(Dataset extract)
------------------------------------------------------------

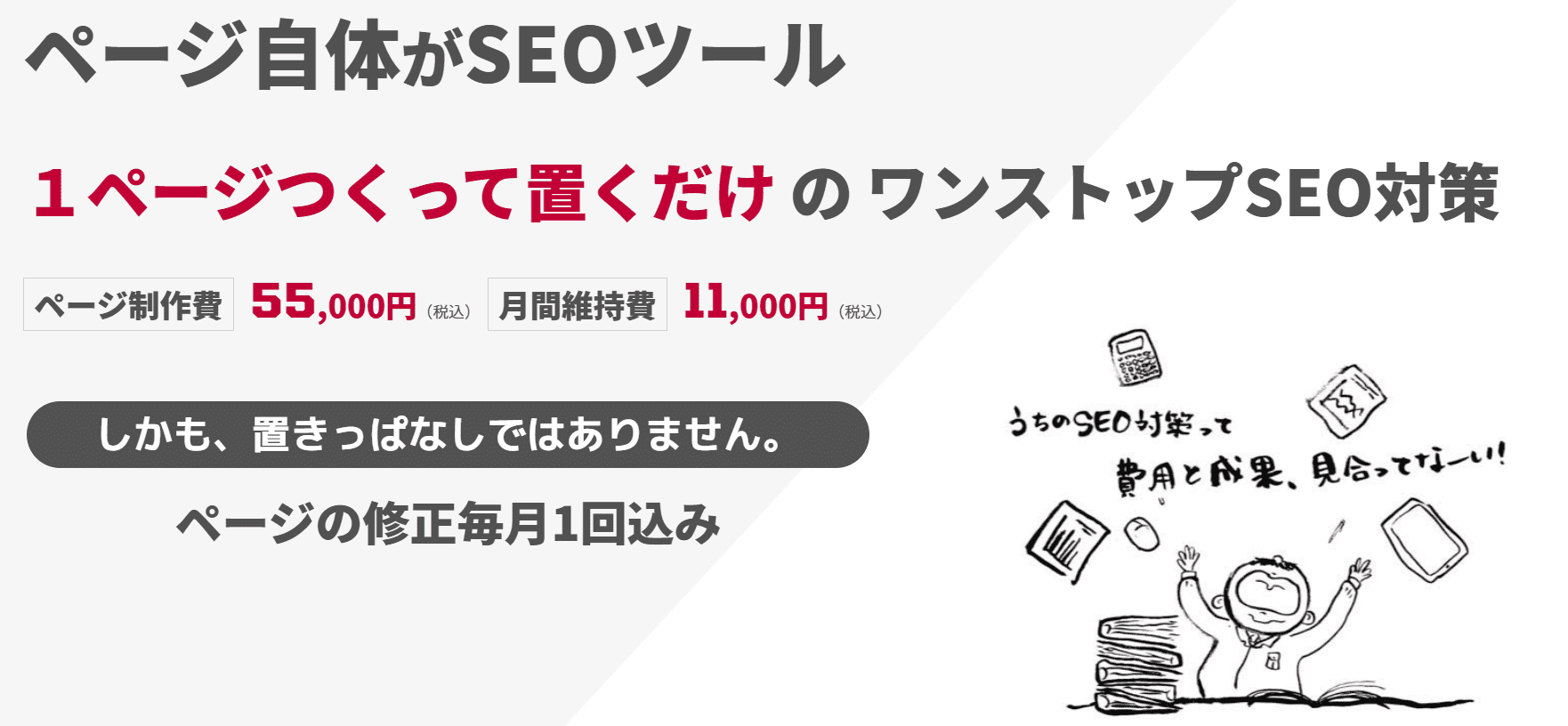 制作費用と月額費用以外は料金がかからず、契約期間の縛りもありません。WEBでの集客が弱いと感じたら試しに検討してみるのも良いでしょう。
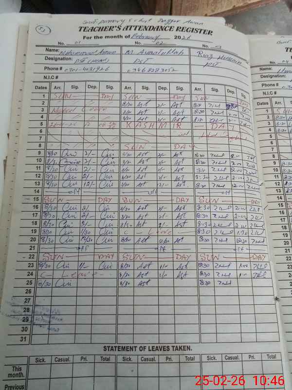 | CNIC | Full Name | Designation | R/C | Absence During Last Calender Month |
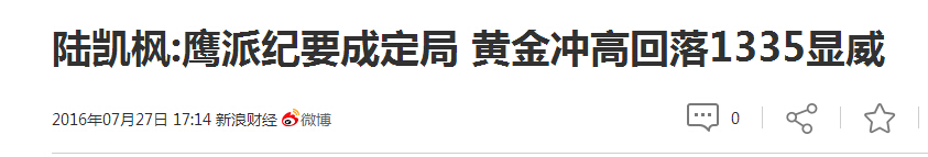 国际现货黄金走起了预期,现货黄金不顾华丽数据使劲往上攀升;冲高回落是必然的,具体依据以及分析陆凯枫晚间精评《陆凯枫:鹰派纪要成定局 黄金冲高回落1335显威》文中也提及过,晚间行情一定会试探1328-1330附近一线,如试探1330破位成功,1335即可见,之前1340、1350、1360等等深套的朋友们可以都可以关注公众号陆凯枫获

------------------------------------------------------------

Your reply should give again exactly the lines from the one with "Calender Month |" through the last line of the data, with both ends included and pictures left out.

(Solution to this exercise)
 | CNIC | Full Name | Designation | R/C | Absence During Last Calender Month |
 国际现货黄金走起了预期,现货黄金不顾华丽数据使劲往上攀升;冲高回落是必然的,具体依据以及分析陆凯枫晚间精评《陆凯枫:鹰派纪要成定局 黄金冲高回落1335显威》文中也提及过,晚间行情一定会试探1328-1330附近一线,如试探1330破位成功,1335即可见,之前1340、1350、1360等等深套的朋友们可以都可以关注公众号陆凯枫获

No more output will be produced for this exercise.